The restructuring will affect more than 3,000 people. Intuit shares fell 11 percent in after-hours trading after the announcement.

Intuit said the restructuring will result in costs of $300 million to $340 million, most of which will be reflected in the current quarter.

Intuit CEO Sasan Goodarzi (사산 구다르지) said the layoffs are aimed at building growth drivers and creating an organisation that can move faster.

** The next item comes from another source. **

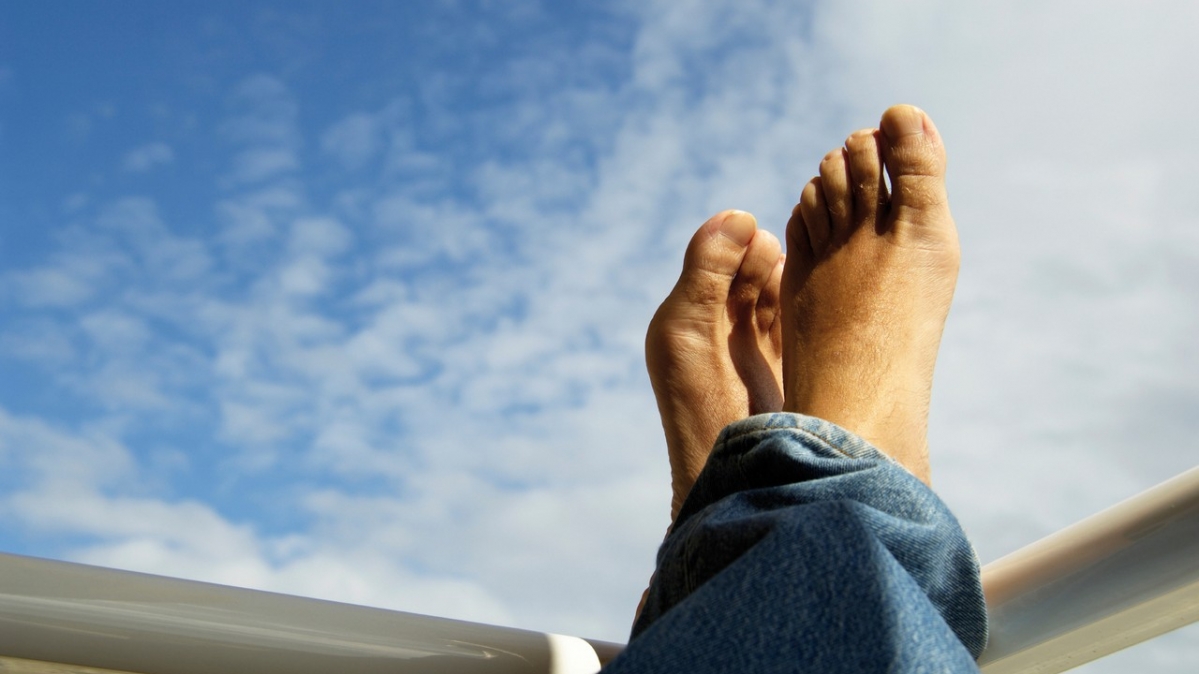 Ins Blaue blicken und spüren, wie der Wind druch die Zehen fährt. So gibt sich dieser Mann seinem Feierabend hin.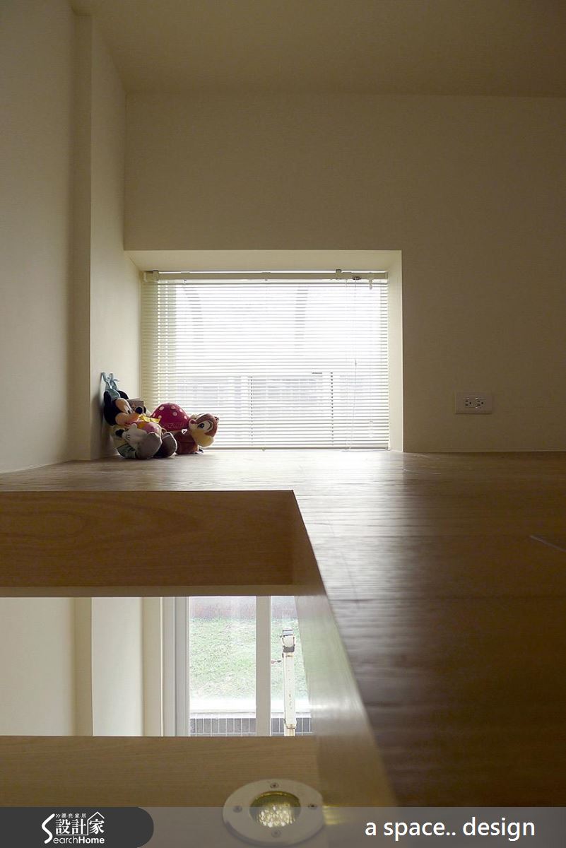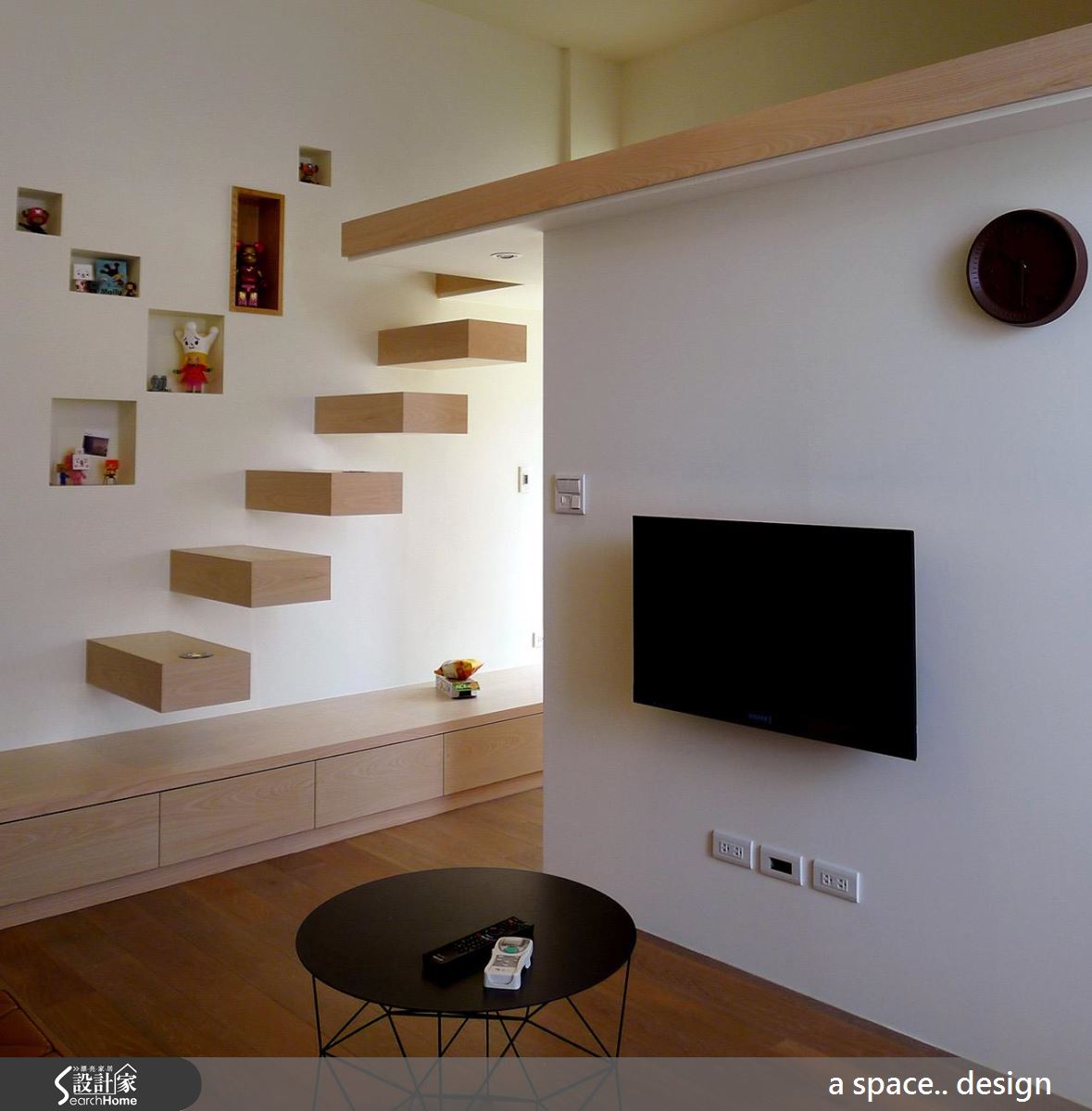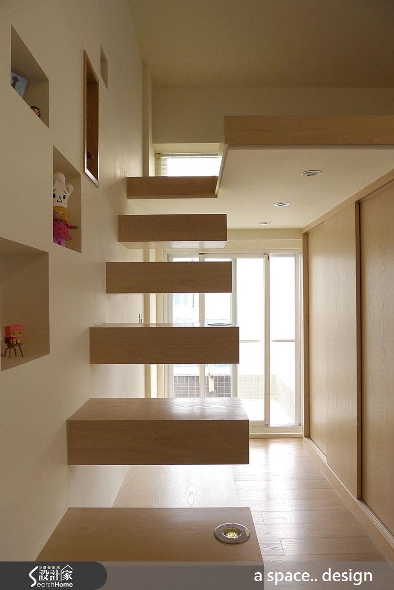 隨著階梯向上,樓梯旁的牆面打造出大小不同的收納展示格,放入日常喜愛的小物收藏,在簡約中點綴出活潑童趣的生活氛圍。

Software sector shares have struggled this year, and Intuit, which runs QuickBooks and TurboTax, has also faced pressure from investors. On Wall Street, concern has continued that artificial intelligence could replace some existing companies' products and services. Intuit shares have fallen more than 40 percent this year, while the S&P 500 has risen about 8 percent over the same period.

Intuit also announced fiscal third-quarter results on May 20. The company said earnings per share were $12.80 and revenue was $8.56 billion. The market forecast was earnings per share of $12.57 and revenue of $8.61 billion. Revenue rose 10 percent from a year earlier, but the growth rate was the lowest since 2024. Net profit rose about 9 percent to $3.06 billion.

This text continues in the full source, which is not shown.